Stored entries
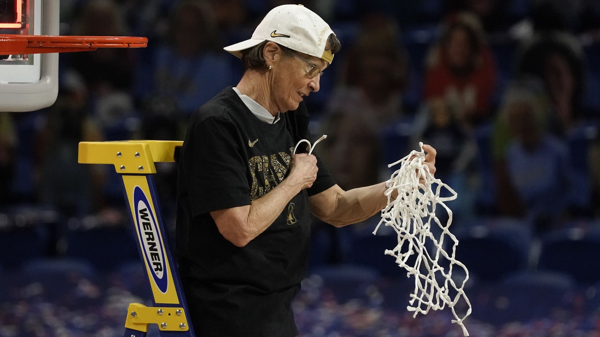 Above, Stanford coach Tara VanDerveer cuts down the net after the Cardinal beat Arizona, 54-53, in a women's national championship that came down to the final shot.
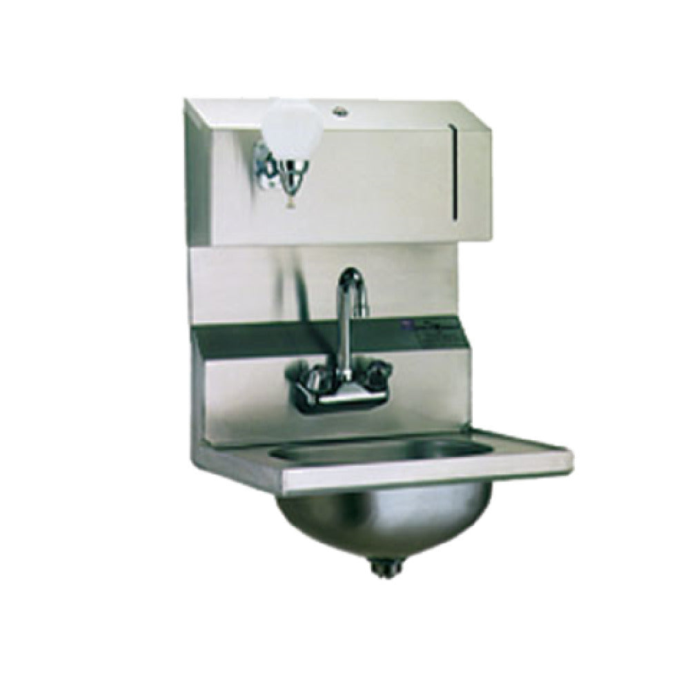The Eagle HSA-10-FDP Hand Sink Wall Mount is meticulously crafted for environments requiring efficient and hygienic handwashing solutions. This hand sink features a compact design with dimensions of 13-1/2 inches in width, 9-3/4 inches front-to-back, and a 6-3/4 inch deep bowl, ideal for maximizing space in tight areas. Constructed from 304 stainless steel, it ensures durability and resistance to corrosion, making it suitable for both commercial and industrial settings. The inclusion of a splash mount gooseneck faucet provides ease of use and accessibility for quick handwashing. Designed with a 1/2 inch NPS water inlet, it ensures a steady and reliable water supply. The sink is equipped with convenient towel and soap dispensers, promoting efficient hygiene practices. Its deep-drawn seamless design and positive drain feature facilitate effective water management, while the inverted "V" edge helps prevent overflow, ensuring a clean work environment. The basket drain is an added convenience for easy water drainage. Certified by NSF, this hand sink meets stringent public health and safety standards, making it an exemplary choice for food service operations, healthcare facilities, and laboratories that prioritize sanitation and efficiency.
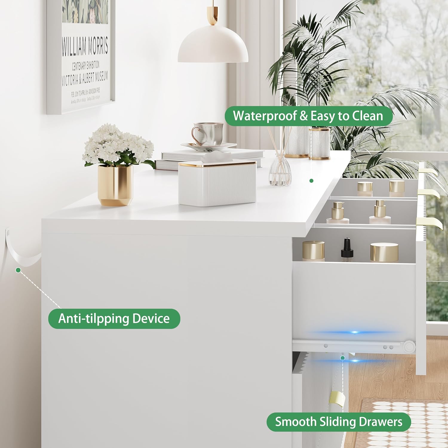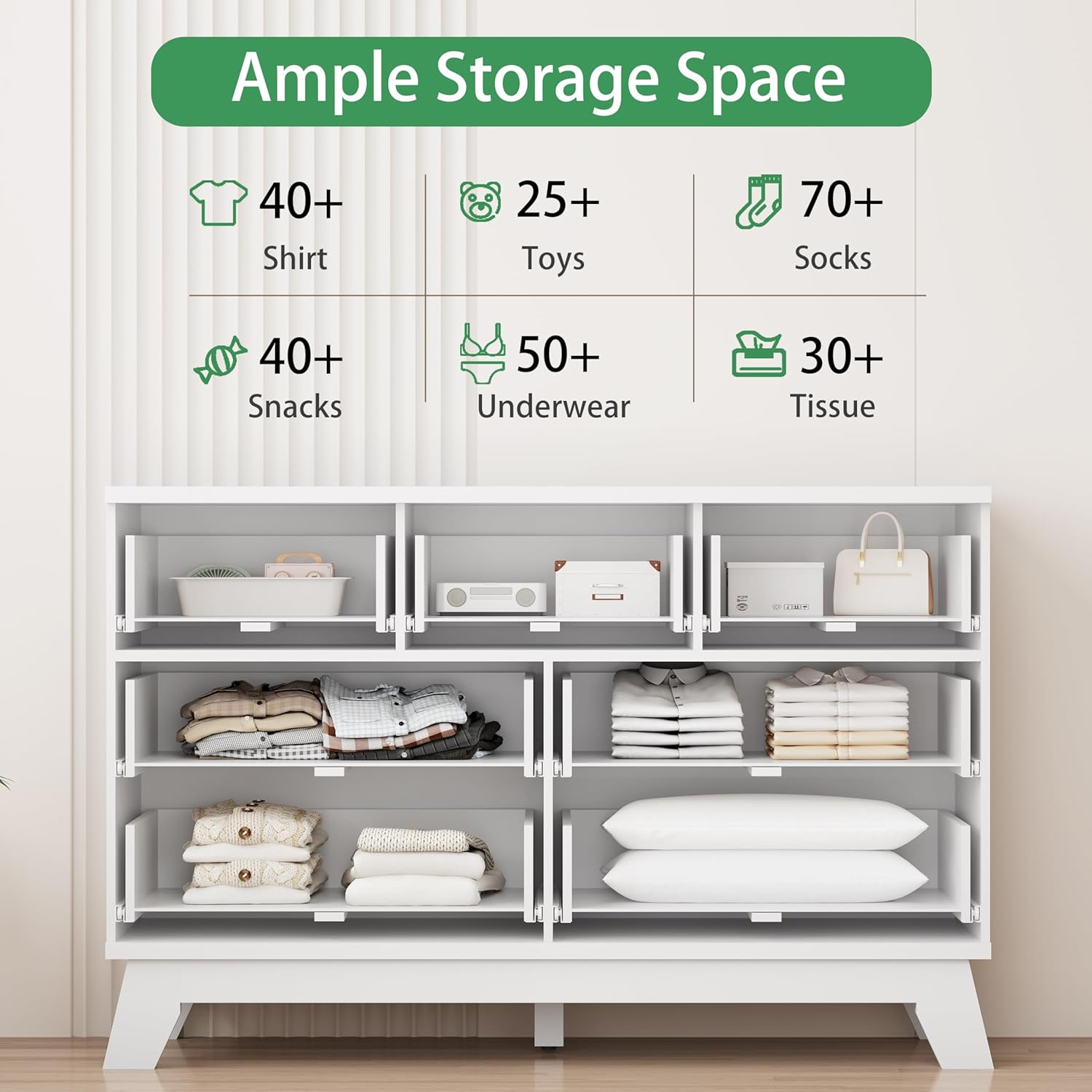 - 【Stability & Safety】The white/black/natural oak dresser is equipped with an anti-tipping device, which can be fixed on the wall to prevent accidents. Each drawer contains a wide metal handle and built-in slide rail, easy to push and pull. Besides, the sturdy base provides this dresser with drawers a strong support and the middle feet can be adjustable to keep balance on uneven floors
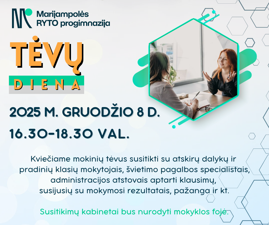 Kviečiame į TĖVŲ DIENĄ, kuri vyks gruodžio 8 d. 16.30-18.30 val. Turėsite galimybę susitikti ir pabendrauti su mokytojais, specialistais, administracijos atstovais.
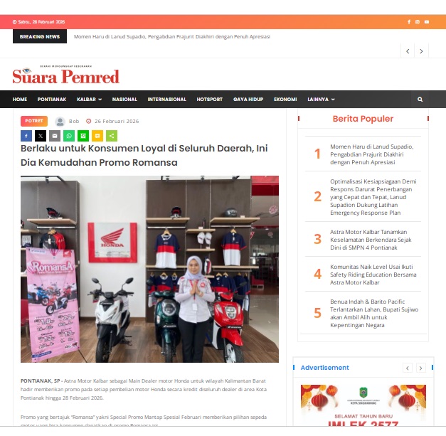 Berlaku untuk Konsumen Loyal di Seluruh Daerah, Ini Dia Kemudahan Promo Romansa by masmul 26 Februari 2026 in Silahkan kunjungi https://www.suarapemredkalbar.com/read/potret/26022026/berlaku-untuk-konsumen-loyal-di-seluruh-daerah-ini-dia-kemudahan-promo-romansa. You Might Like Regional Public Launching New ADV160 The SUV Pride Grand Launching New PCX 160 Truly Exceptional! Tetap hati-hati ya bro sist berkendara saat hujan.
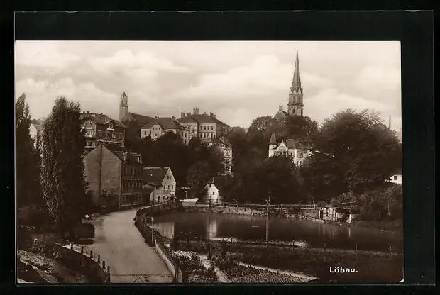 AK Löbau i. Sa., Ortsansicht mit Kirche
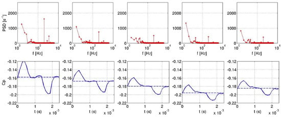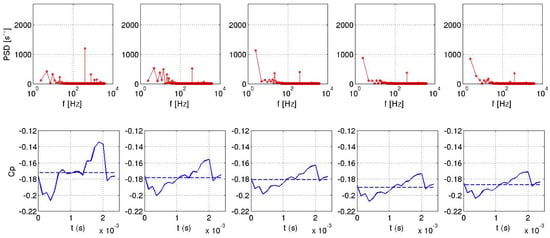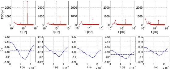 However, correlation between the jet velocity and the pressure coefficient for pulsed jet is only visible locally for the probe 1 located close to the roof edge slots (Figure 33). Indeed, the pulsed frequency is only visible for the probe 1 by the power spectral densities (PSD) illustrated in Figure 34. Figure 34 and Figure 35 illustrate that for the pulsed jet, pressure coefficient of the probe 1 evolves in a same way as the suction jet sensor. Other sensors are subjected to different pressure fluctuations that deteriorate the periodic pattern. For the suction jet simulation, all sensors behave in a same way similar to the integrated signal. Finally, all probes for the synthetic jet computation are sinusoidal signals in quadrature phase with respect to the jet signal as seen in Figure 36.
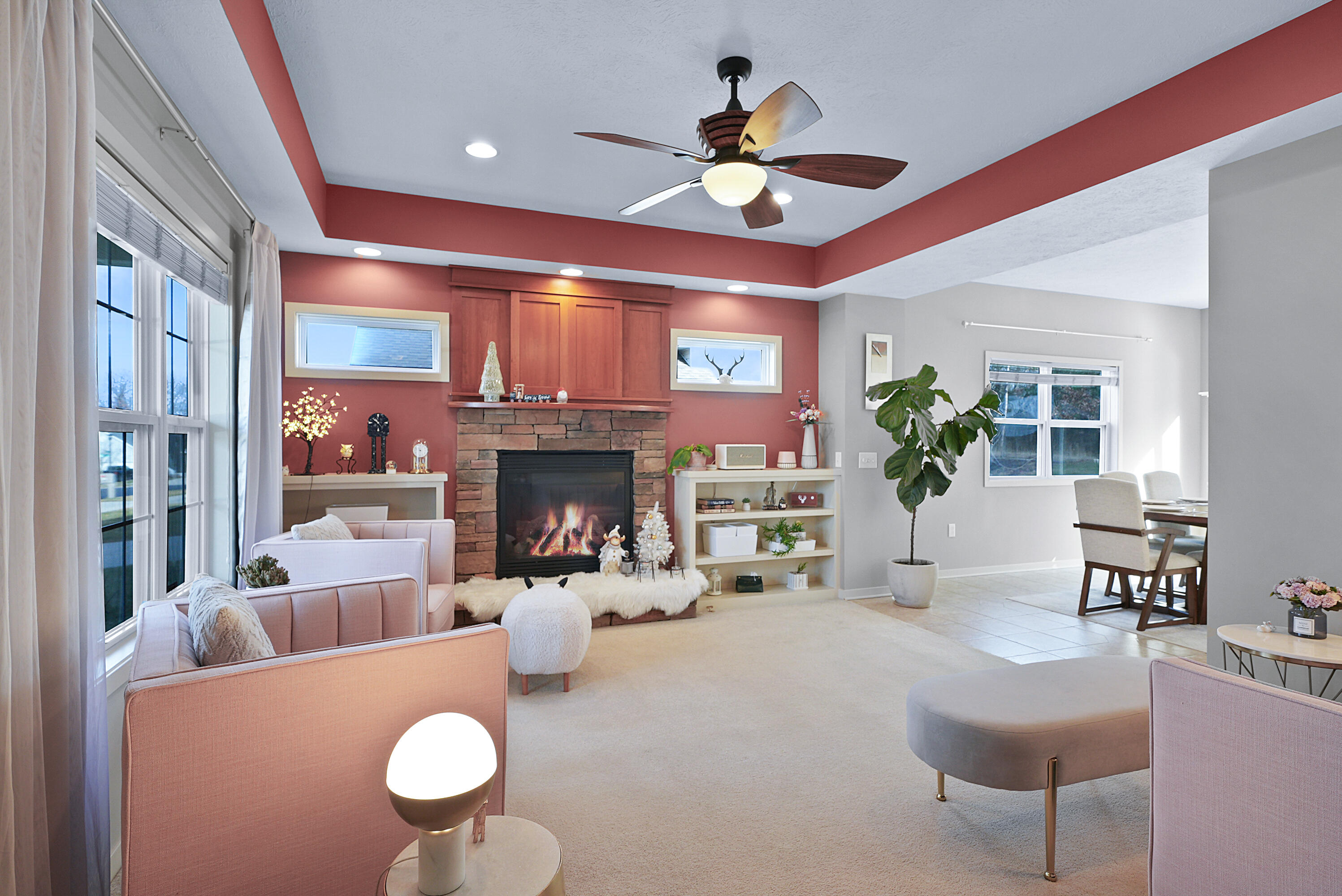 This immaculate residence boasts 5 bedrooms and 3.5 baths, providing ample space to grow and thrive. The main level features a captivating tray ceiling in the living room, a gas fireplace surrounded by built-in bookshelves, and a built-in desk. Convenience meets practical living with main-floor laundry, lockers, and a mudroom with a bench by the garage.
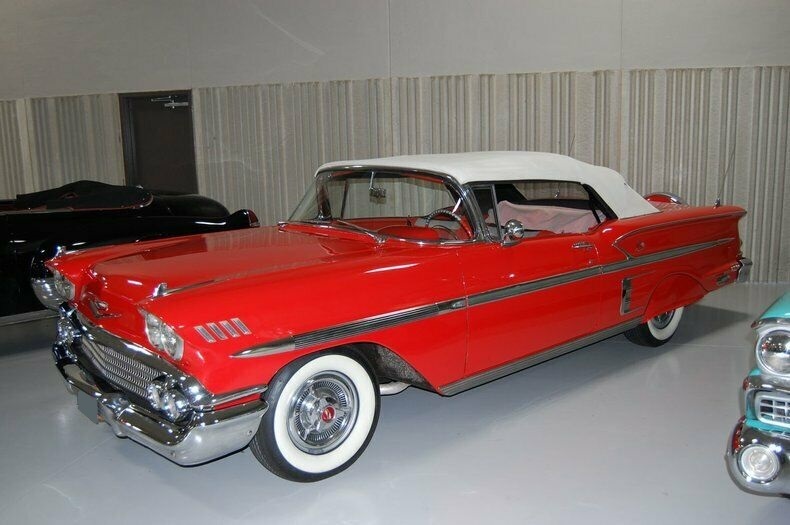 The newest look since sliced bread was the introduction of the New 1958 Impala. A totally new look for Chevrolet that is one of the strongest collector car marques going. This extremely nice Impala Convertible comes with many of the most popular options for 58. The 348 cu. in. V8 was one of the kings of the performance world with its 280 HP with the Tri-Power setup. Along with the ever reliable Powerglide transmission this car is wonderful…

# What is being asked
Please transcribe the entries exactly, omitting the images.

# Expected answer
 Above, Stanford coach Tara VanDerveer cuts down the net after the Cardinal beat Arizona, 54-53, in a women's national championship that came down to the final shot.
The Eagle HSA-10-FDP Hand Sink Wall Mount is meticulously crafted for environments requiring efficient and hygienic handwashing solutions. This hand sink features a compact design with dimensions of 13-1/2 inches in width, 9-3/4 inches front-to-back, and a 6-3/4 inch deep bowl, ideal for maximizing space in tight areas. Constructed from 304 stainless steel, it ensures durability and resistance to corrosion, making it suitable for both commercial and industrial settings. The inclusion of a splash mount gooseneck faucet provides ease of use and accessibility for quick handwashing. Designed with a 1/2 inch NPS water inlet, it ensures a steady and reliable water supply. The sink is equipped with convenient towel and soap dispensers, promoting efficient hygiene practices. Its deep-drawn seamless design and positive drain feature facilitate effective water management, while the inverted "V" edge helps prevent overflow, ensuring a clean work environment. The basket drain is an added convenience for easy water drainage. Certified by NSF, this hand sink meets stringent public health and safety standards, making it an exemplary choice for food service operations, healthcare facilities, and laboratories that prioritize sanitation and efficiency.
 - 【Stability & Safety】The white/black/natural oak dresser is equipped with an anti-tipping device, which can be fixed on the wall to prevent accidents. Each drawer contains a wide metal handle and built-in slide rail, easy to push and pull. Besides, the sturdy base provides this dresser with drawers a strong support and the middle feet can be adjustable to keep balance on uneven floors
 Kviečiame į TĖVŲ DIENĄ, kuri vyks gruodžio 8 d. 16.30-18.30 val. Turėsite galimybę susitikti ir pabendrauti su mokytojais, specialistais, administracijos atstovais.
 Berlaku untuk Konsumen Loyal di Seluruh Daerah, Ini Dia Kemudahan Promo Romansa by masmul 26 Februari 2026 in Silahkan kunjungi https://www.suarapemredkalbar.com/read/potret/26022026/berlaku-untuk-konsumen-loyal-di-seluruh-daerah-ini-dia-kemudahan-promo-romansa. You Might Like Regional Public Launching New ADV160 The SUV Pride Grand Launching New PCX 160 Truly Exceptional! Tetap hati-hati ya bro sist berkendara saat hujan.
 AK Löbau i. Sa., Ortsansicht mit Kirche
 However, correlation between the jet velocity and the pressure coefficient for pulsed jet is only visible locally for the probe 1 located close to the roof edge slots (Figure 33). Indeed, the pulsed frequency is only visible for the probe 1 by the power spectral densities (PSD) illustrated in Figure 34. Figure 34 and Figure 35 illustrate that for the pulsed jet, pressure coefficient of the probe 1 evolves in a same way as the suction jet sensor. Other sensors are subjected to different pressure fluctuations that deteriorate the periodic pattern. For the suction jet simulation, all sensors behave in a same way similar to the integrated signal. Finally, all probes for the synthetic jet computation are sinusoidal signals in quadrature phase with respect to the jet signal as seen in Figure 36.
 This immaculate residence boasts 5 bedrooms and 3.5 baths, providing ample space to grow and thrive. The main level features a captivating tray ceiling in the living room, a gas fireplace surrounded by built-in bookshelves, and a built-in desk. Convenience meets practical living with main-floor laundry, lockers, and a mudroom with a bench by the garage.
 The newest look since sliced bread was the introduction of the New 1958 Impala. A totally new look for Chevrolet that is one of the strongest collector car marques going. This extremely nice Impala Convertible comes with many of the most popular options for 58. The 348 cu. in. V8 was one of the kings of the performance world with its 280 HP with the Tri-Power setup. Along with the ever reliable Powerglide transmission this car is wonderful…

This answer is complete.